[Dataset entries]
----
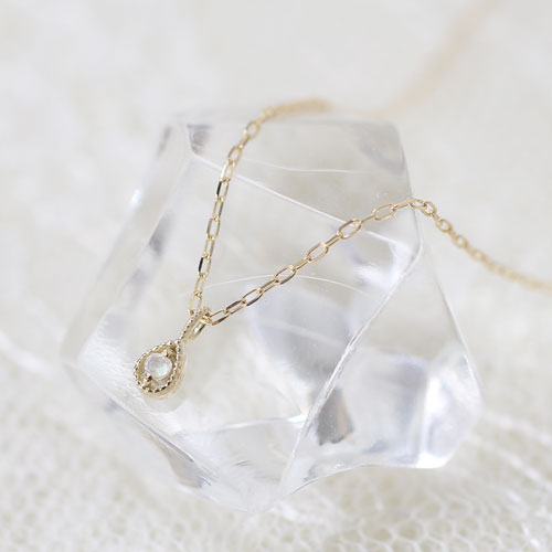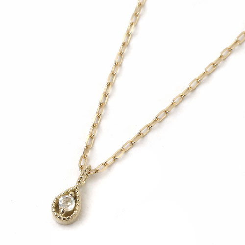 10金 K10YG イエローゴールド ネックレス アズキチェーン ペンダント ティアドロップ ムーンストーン 8009-UK18
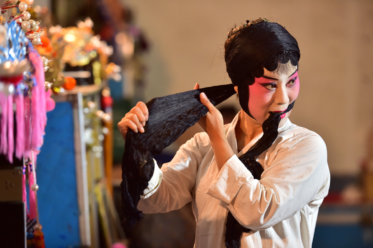 An actress from a local Jin opera troupe prepares for a show in Touquan village, Jingxing county, Shijiazhuang city of North China's Hebei province, Aug 5, 2020. The Jingxing Jin opera troupe staged a performance on Wednesday in Touquan village, the first of a series of over 60 touring performances in the rural areas of Shijiazhuang city during the summer holidays.[Photo/Xinhua]
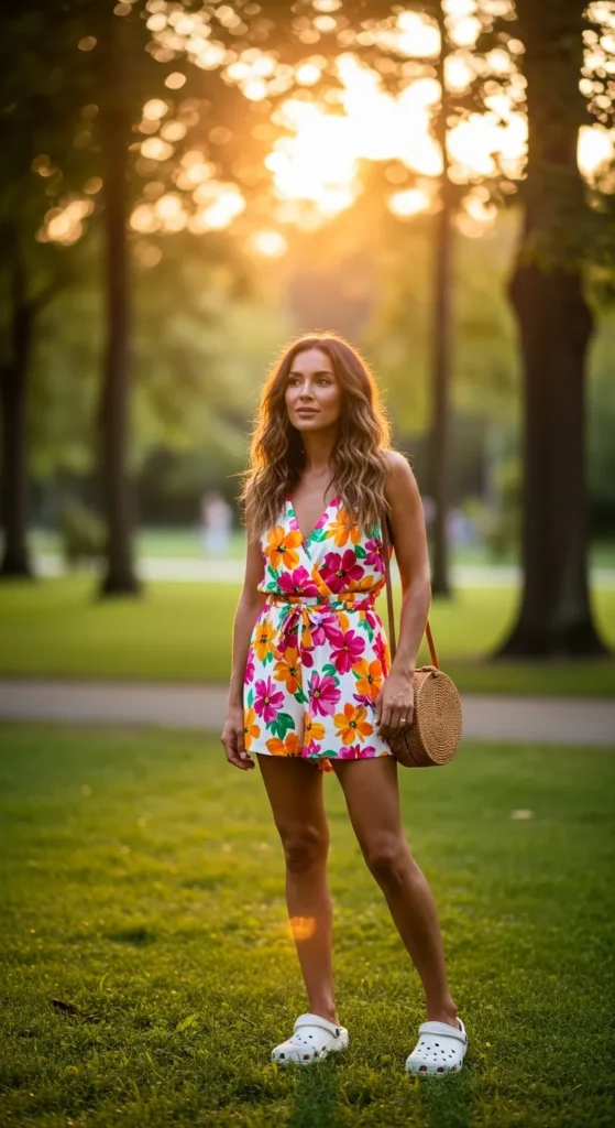 A lightweight romper styled with Crocs feels playful and easygoing. This outfit is ideal for warm weather days and casual outdoor strolls.
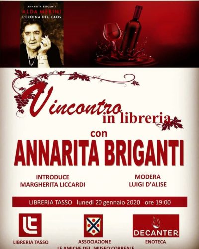 E’ Annarita Briganti la protagonista dell’incontro in programma lunedì 20 gennaio, alle ore 19, alla libreria Tasso, in piazza Angelina Lauro, a Sorrento. Intervistata dal giornalista Luigi D’Alise, la scrittrice presenterà il suo ultimo libro dal titolo “Alda Merini, l’eroina del caos”, una biografia della poetessa, anzi della poeta come amava definirsi, rock, ribelle, sopra le righe, contro ogni forma di convenzione e d’ipocrisia.
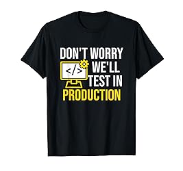 - Don't worry We'll test it in production - Great gift for the programmer, software developer, coder or anyone who loves funny coding jokes. For computer nerds & geeks who test their code in production. Don't despair when your program has an error, just test it in production. You will find the source code error very fast and then you can start testing your computer program again. Funny gift idea for a computer science graduate.
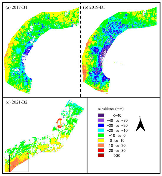 Subsidence obtained by descending SAR images. (a,b) Resampled area B1. (c) Resampled area B2.
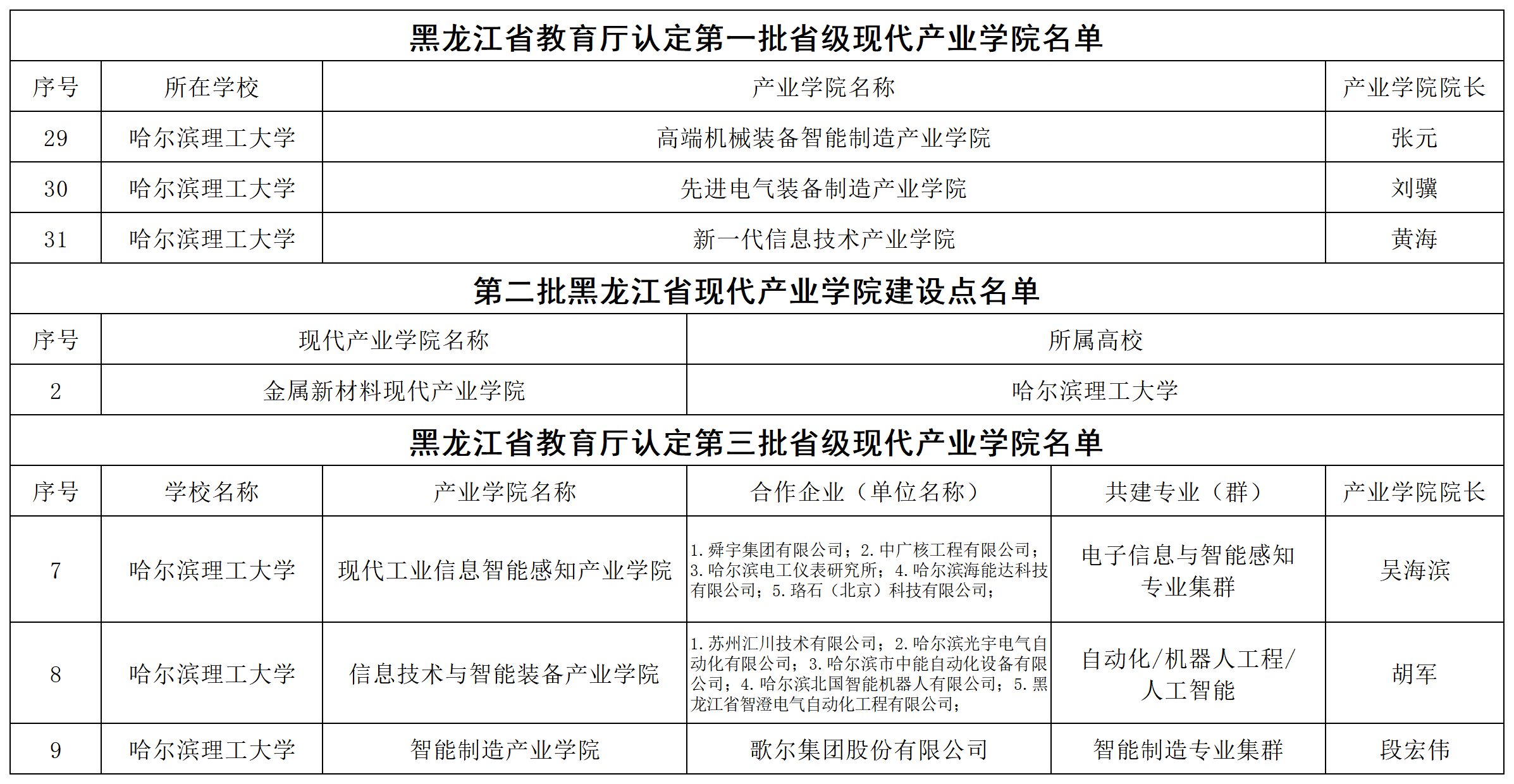 黑龍江網訊(記者 徐楠)近日,黑龍江省教育廳公布了第三批省級現代產業(yè)學院認定名單,哈爾濱理工大學申報的“現代工業(yè)信息智能感知產業(yè)學院”“信息技術與智能裝備產業(yè)學院”“智能制造產業(yè)學院”3個產業(yè)學院成功入選。至此,學校獲批的省級現代產業(yè)學院總數已達7個,位居全省高校首位,充分體現了學校在產教融合與應用型人才培養(yǎng)方面的優(yōu)勢。
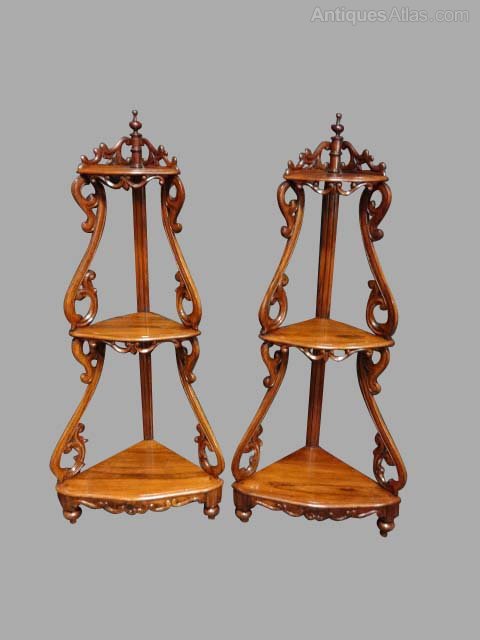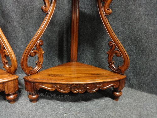A good pair Rosewood corner display whatnot stands in very good original condition.
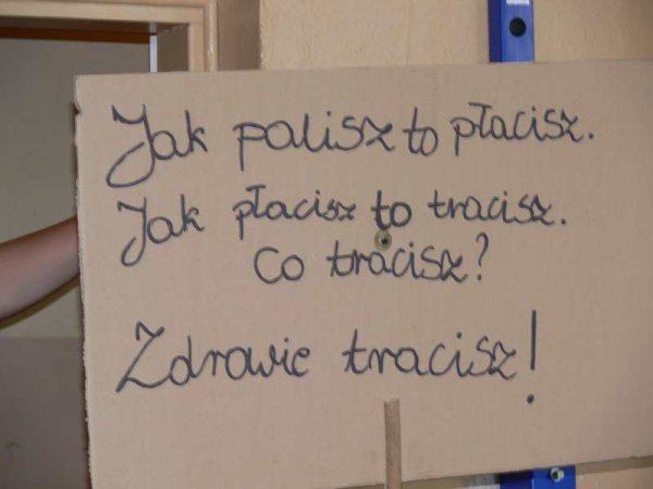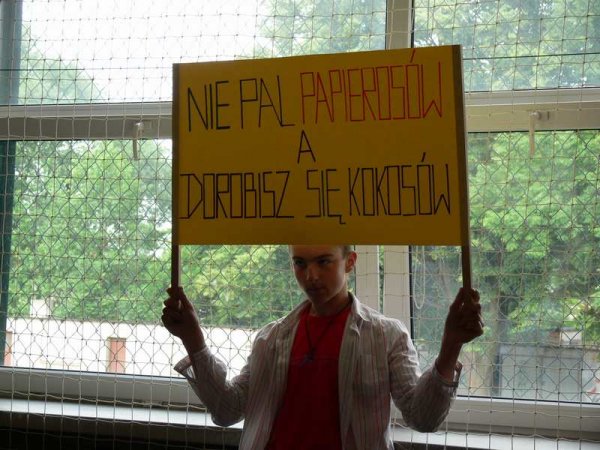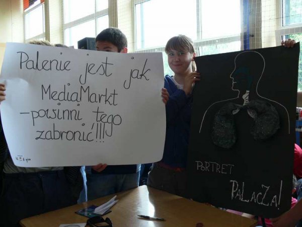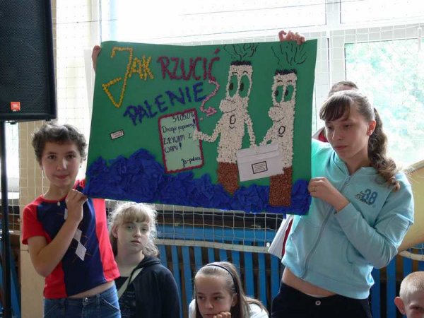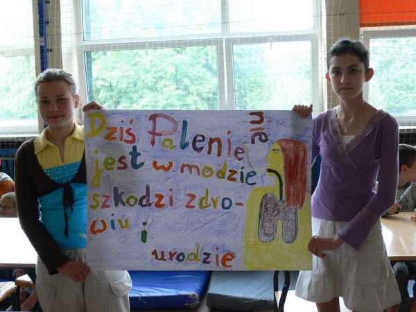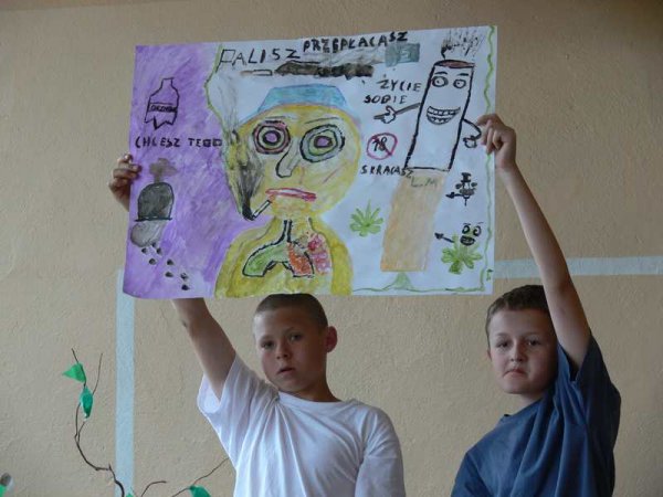 01.06.2007 r. w Zespole Szkół w Stawiszynie odbył się turniej pt. "Dym z papierosa szkodzi, gdy się do szkoły chodzi". Przeprowadzoni go w dwóch grupach wiekowych. Pierwsza grupa to uczniowie klas IV-VI SP, druga grupa klasy I-III Gim. Celem turnieju było uświadomienie uczniom jaki wpływ ma palenie papierosów na ich młode organizmy. Realizując poszczególne zadania turniejowe uczniowie prezentowali hasła i plakaty nt. szkodliwości palenia papierosów, układali puzzle, rozwiązywali krzyżówki oraz przedstawiali scenki, w których pokazali ciekawe sposoby odmawiania zapalenia papierosa. Turniej zorganizowała i przygotowała opiekunka Szkolnego Koła PCK, Filipina Baraniecka. W przedsię wzięcie to zaangażowali się również wychowawcy poszczególnych klas oraz nauczyciele wychowania fizycznego z ZS w Stawiszynie.
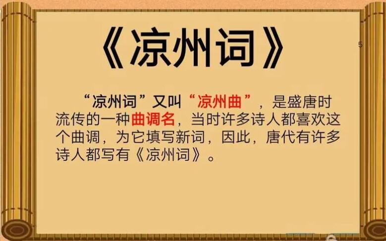 涼州詞(Liangzhou )又稱涼州歌,是為涼州歌所作的一首抒情詩,是唐代流行的曲調(diào)之一名字中的涼州位于中國甘肅省武威市,因地處西部,常年寒冷而得名其代表作是《涼州詞》。
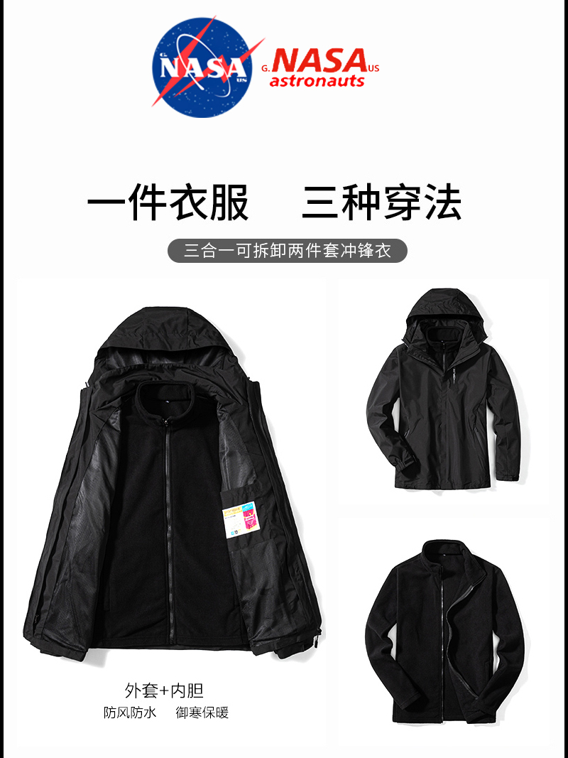 NASA submachine clothes men and women outdoor in Tibetan travel Three-in-one climbing suit jacket detachable windproof waterproof-Taobao
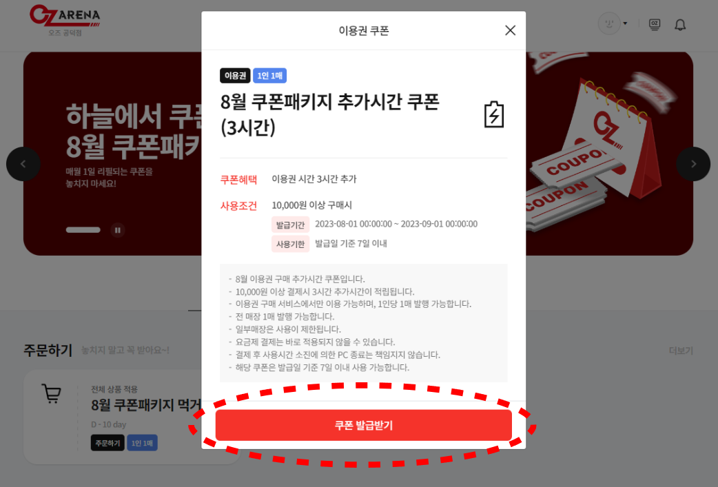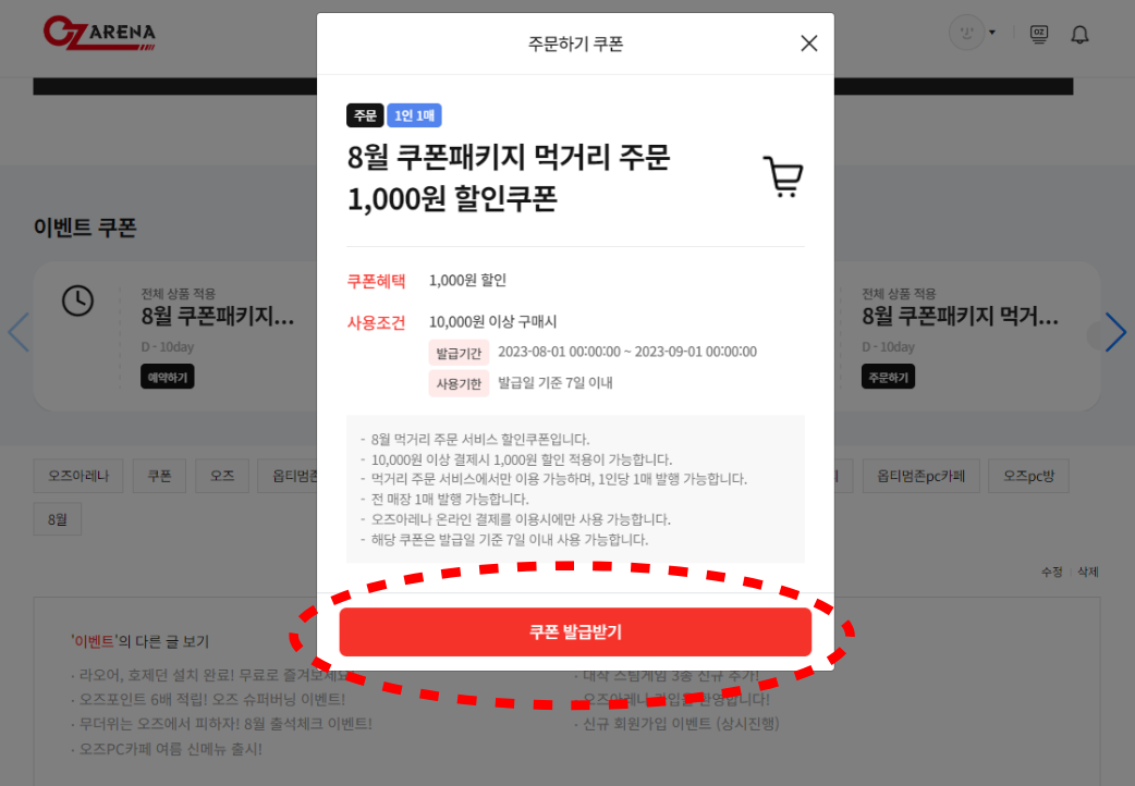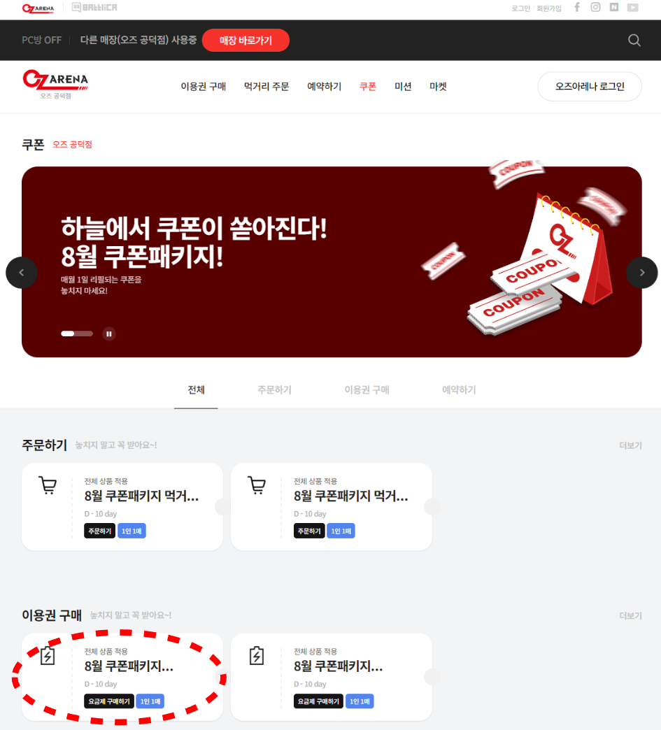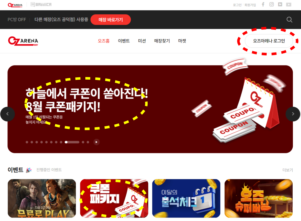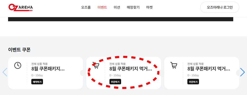 1. 오즈아레나 홈페이지 로그인 후 '쿠폰패키지 이벤트 배너 혹은 썸네일' 클릭
----
#### YOUR GOAL:
Set down the data above word for word, leaving every picture out.

#### EXERCISE ANSWER:
 10金 K10YG イエローゴールド ネックレス アズキチェーン ペンダント ティアドロップ ムーンストーン 8009-UK18
 An actress from a local Jin opera troupe prepares for a show in Touquan village, Jingxing county, Shijiazhuang city of North China's Hebei province, Aug 5, 2020. The Jingxing Jin opera troupe staged a performance on Wednesday in Touquan village, the first of a series of over 60 touring performances in the rural areas of Shijiazhuang city during the summer holidays.[Photo/Xinhua]
 A lightweight romper styled with Crocs feels playful and easygoing. This outfit is ideal for warm weather days and casual outdoor strolls.
 E’ Annarita Briganti la protagonista dell’incontro in programma lunedì 20 gennaio, alle ore 19, alla libreria Tasso, in piazza Angelina Lauro, a Sorrento. Intervistata dal giornalista Luigi D’Alise, la scrittrice presenterà il suo ultimo libro dal titolo “Alda Merini, l’eroina del caos”, una biografia della poetessa, anzi della poeta come amava definirsi, rock, ribelle, sopra le righe, contro ogni forma di convenzione e d’ipocrisia.
 - Don't worry We'll test it in production - Great gift for the programmer, software developer, coder or anyone who loves funny coding jokes. For computer nerds & geeks who test their code in production. Don't despair when your program has an error, just test it in production. You will find the source code error very fast and then you can start testing your computer program again. Funny gift idea for a computer science graduate.
 Subsidence obtained by descending SAR images. (a,b) Resampled area B1. (c) Resampled area B2.
 黑龍江網訊(記者 徐楠)近日,黑龍江省教育廳公布了第三批省級現代產業(yè)學院認定名單,哈爾濱理工大學申報的“現代工業(yè)信息智能感知產業(yè)學院”“信息技術與智能裝備產業(yè)學院”“智能制造產業(yè)學院”3個產業(yè)學院成功入選。至此,學校獲批的省級現代產業(yè)學院總數已達7個,位居全省高校首位,充分體現了學校在產教融合與應用型人才培養(yǎng)方面的優(yōu)勢。
A good pair Rosewood corner display whatnot stands in very good original condition.
 01.06.2007 r. w Zespole Szkół w Stawiszynie odbył się turniej pt. "Dym z papierosa szkodzi, gdy się do szkoły chodzi". Przeprowadzoni go w dwóch grupach wiekowych. Pierwsza grupa to uczniowie klas IV-VI SP, druga grupa klasy I-III Gim. Celem turnieju było uświadomienie uczniom jaki wpływ ma palenie papierosów na ich młode organizmy. Realizując poszczególne zadania turniejowe uczniowie prezentowali hasła i plakaty nt. szkodliwości palenia papierosów, układali puzzle, rozwiązywali krzyżówki oraz przedstawiali scenki, w których pokazali ciekawe sposoby odmawiania zapalenia papierosa. Turniej zorganizowała i przygotowała opiekunka Szkolnego Koła PCK, Filipina Baraniecka. W przedsię wzięcie to zaangażowali się również wychowawcy poszczególnych klas oraz nauczyciele wychowania fizycznego z ZS w Stawiszynie.
 涼州詞(Liangzhou )又稱涼州歌,是為涼州歌所作的一首抒情詩,是唐代流行的曲調(diào)之一名字中的涼州位于中國甘肅省武威市,因地處西部,常年寒冷而得名其代表作是《涼州詞》。
 NASA submachine clothes men and women outdoor in Tibetan travel Three-in-one climbing suit jacket detachable windproof waterproof-Taobao
 1. 오즈아레나 홈페이지 로그인 후 '쿠폰패키지 이벤트 배너 혹은 썸네일' 클릭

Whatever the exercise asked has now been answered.